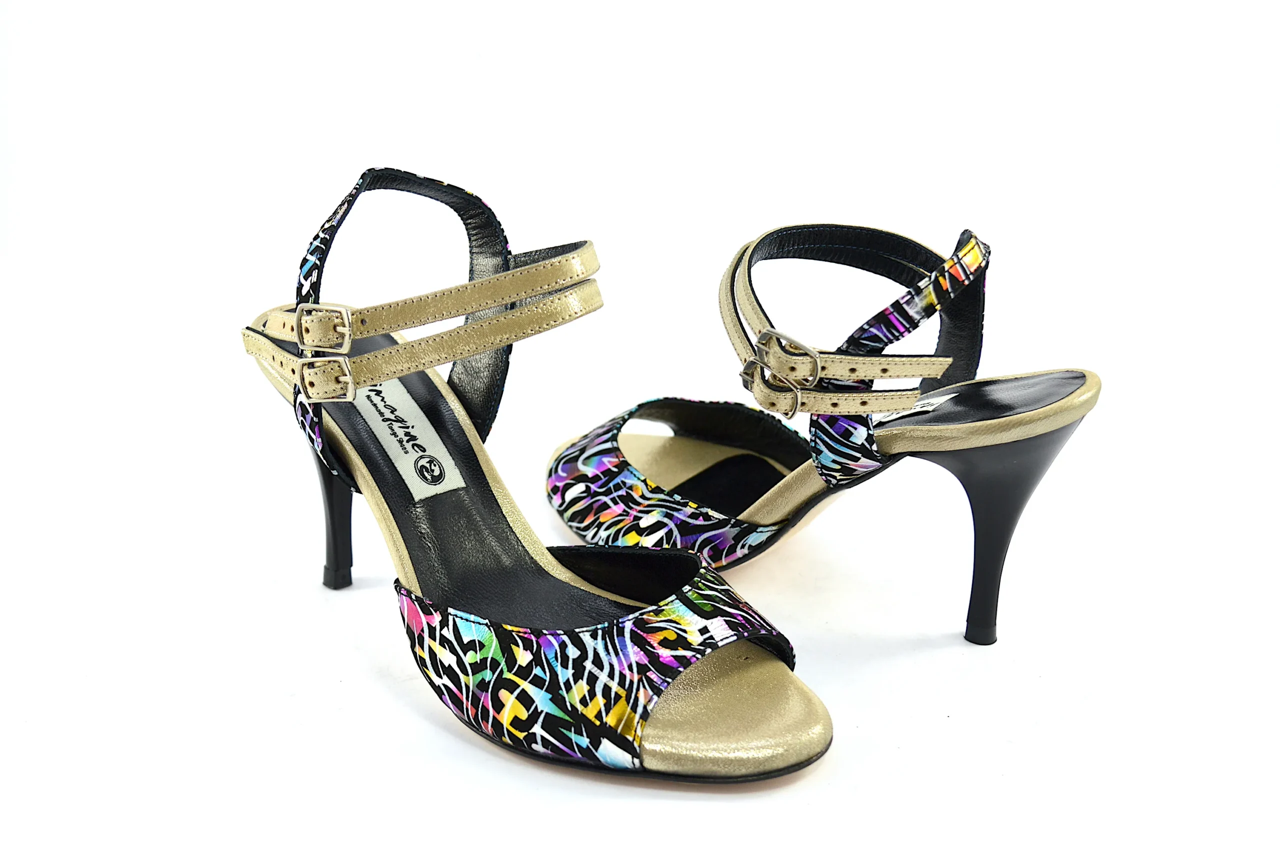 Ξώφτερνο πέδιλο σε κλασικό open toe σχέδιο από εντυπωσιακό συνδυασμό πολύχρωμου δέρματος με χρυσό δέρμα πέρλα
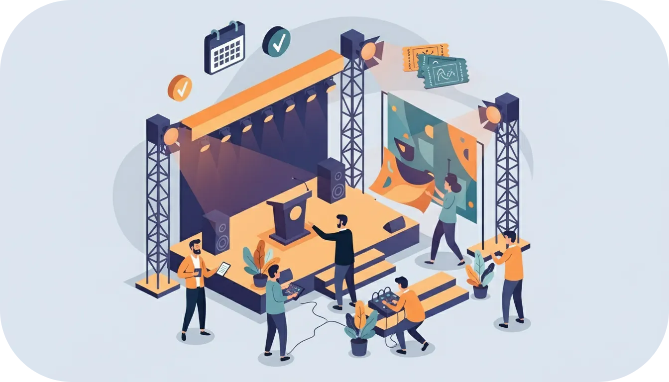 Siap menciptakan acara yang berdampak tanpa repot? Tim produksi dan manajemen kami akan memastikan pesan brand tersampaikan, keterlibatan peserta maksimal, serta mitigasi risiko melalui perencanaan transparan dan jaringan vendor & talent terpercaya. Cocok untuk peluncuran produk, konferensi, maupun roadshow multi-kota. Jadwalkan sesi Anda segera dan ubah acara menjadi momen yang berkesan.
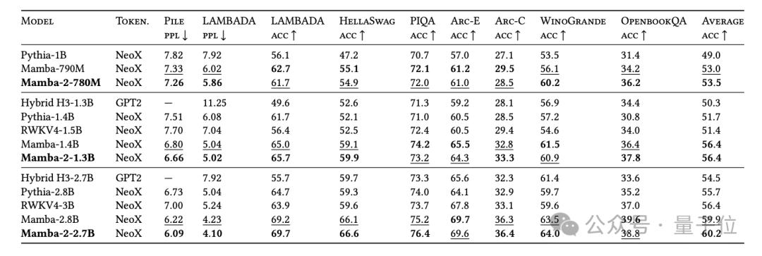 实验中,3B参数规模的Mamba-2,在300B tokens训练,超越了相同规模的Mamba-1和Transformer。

* * *

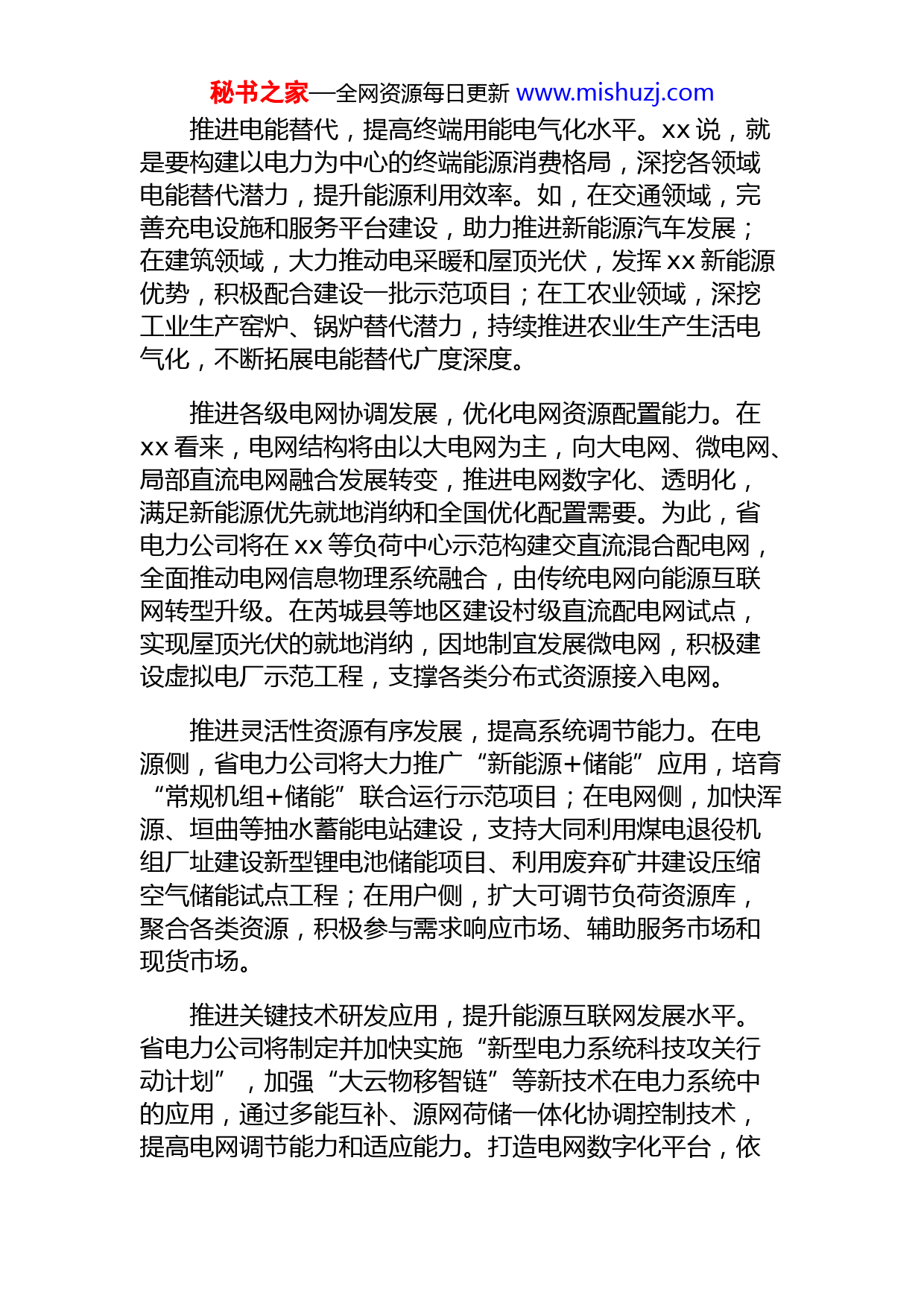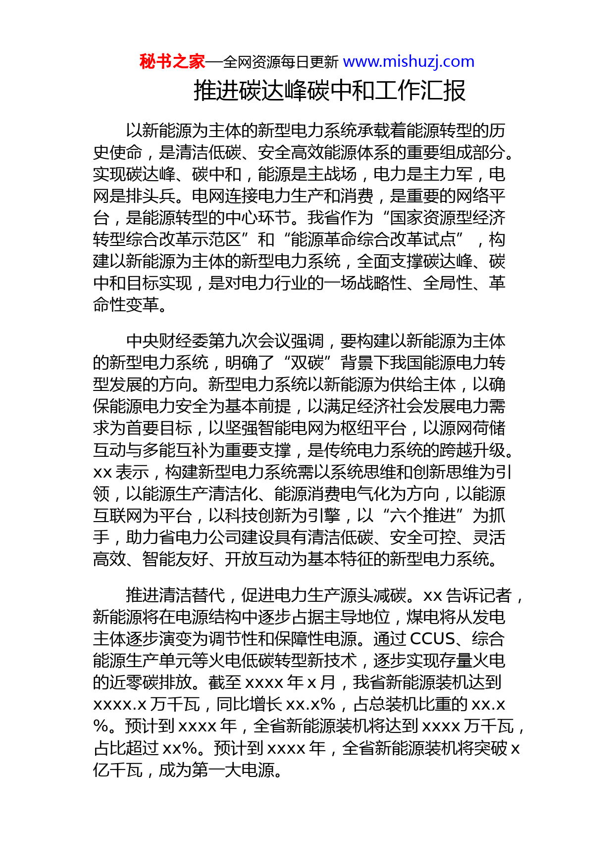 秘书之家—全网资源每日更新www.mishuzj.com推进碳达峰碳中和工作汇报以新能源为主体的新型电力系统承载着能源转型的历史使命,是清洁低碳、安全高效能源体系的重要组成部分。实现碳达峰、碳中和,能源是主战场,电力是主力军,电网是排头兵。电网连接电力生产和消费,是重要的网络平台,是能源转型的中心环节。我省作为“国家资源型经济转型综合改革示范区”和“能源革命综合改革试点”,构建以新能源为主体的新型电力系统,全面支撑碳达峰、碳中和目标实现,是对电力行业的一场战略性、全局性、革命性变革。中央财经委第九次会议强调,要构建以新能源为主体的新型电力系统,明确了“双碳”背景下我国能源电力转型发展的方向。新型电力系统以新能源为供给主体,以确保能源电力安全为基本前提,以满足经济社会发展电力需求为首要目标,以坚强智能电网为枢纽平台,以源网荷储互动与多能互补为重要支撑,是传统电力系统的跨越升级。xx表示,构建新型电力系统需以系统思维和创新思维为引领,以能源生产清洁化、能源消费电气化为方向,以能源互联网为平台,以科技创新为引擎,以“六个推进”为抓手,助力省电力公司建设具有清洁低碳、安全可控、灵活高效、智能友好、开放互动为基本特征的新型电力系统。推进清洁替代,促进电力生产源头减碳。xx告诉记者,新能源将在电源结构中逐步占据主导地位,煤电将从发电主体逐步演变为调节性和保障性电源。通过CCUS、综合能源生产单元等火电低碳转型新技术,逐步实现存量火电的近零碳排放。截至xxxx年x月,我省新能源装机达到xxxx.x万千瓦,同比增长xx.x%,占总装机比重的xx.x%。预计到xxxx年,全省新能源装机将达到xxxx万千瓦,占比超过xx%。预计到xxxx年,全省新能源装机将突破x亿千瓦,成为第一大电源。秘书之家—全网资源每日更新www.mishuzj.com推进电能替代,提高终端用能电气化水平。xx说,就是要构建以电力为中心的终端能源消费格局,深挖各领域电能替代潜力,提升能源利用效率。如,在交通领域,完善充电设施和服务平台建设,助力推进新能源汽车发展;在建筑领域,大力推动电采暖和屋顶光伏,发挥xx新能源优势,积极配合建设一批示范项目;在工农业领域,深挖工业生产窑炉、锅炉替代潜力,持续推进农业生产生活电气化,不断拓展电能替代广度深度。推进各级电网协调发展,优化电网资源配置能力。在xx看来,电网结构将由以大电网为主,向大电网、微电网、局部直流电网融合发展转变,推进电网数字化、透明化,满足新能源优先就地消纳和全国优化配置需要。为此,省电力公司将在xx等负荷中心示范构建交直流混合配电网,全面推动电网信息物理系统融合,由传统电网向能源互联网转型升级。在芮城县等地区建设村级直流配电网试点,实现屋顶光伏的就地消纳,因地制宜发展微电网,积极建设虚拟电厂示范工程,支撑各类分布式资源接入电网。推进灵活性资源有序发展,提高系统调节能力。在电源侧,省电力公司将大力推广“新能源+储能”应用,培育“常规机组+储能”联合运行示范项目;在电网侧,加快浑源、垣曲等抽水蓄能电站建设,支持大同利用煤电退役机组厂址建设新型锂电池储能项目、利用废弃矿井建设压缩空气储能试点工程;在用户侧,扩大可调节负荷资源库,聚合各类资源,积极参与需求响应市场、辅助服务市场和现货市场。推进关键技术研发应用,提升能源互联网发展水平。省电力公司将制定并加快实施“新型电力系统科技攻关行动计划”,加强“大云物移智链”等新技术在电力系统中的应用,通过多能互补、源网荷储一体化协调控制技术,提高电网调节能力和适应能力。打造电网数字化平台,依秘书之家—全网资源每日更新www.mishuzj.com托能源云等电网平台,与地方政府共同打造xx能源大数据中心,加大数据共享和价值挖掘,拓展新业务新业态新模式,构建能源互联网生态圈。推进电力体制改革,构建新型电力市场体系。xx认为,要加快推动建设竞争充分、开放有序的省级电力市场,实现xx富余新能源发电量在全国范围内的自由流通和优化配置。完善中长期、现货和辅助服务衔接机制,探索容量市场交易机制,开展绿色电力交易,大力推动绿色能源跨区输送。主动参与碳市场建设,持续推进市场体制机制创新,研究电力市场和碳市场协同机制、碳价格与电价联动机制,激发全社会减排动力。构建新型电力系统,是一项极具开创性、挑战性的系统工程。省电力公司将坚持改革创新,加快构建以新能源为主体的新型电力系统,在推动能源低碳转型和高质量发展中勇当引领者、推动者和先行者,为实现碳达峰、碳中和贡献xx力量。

What you are asked to do: Look back over the records above. Reproduce exactly everything from the line with "Ξώφτερνο πέδιλο σε" down to the line with "实验中,3B参数规模的Mam", inclusive, and leave the pictures out.

Task output:
 Ξώφτερνο πέδιλο σε κλασικό open toe σχέδιο από εντυπωσιακό συνδυασμό πολύχρωμου δέρματος με χρυσό δέρμα πέρλα
 Siap menciptakan acara yang berdampak tanpa repot? Tim produksi dan manajemen kami akan memastikan pesan brand tersampaikan, keterlibatan peserta maksimal, serta mitigasi risiko melalui perencanaan transparan dan jaringan vendor & talent terpercaya. Cocok untuk peluncuran produk, konferensi, maupun roadshow multi-kota. Jadwalkan sesi Anda segera dan ubah acara menjadi momen yang berkesan.
 实验中,3B参数规模的Mamba-2,在300B tokens训练,超越了相同规模的Mamba-1和Transformer。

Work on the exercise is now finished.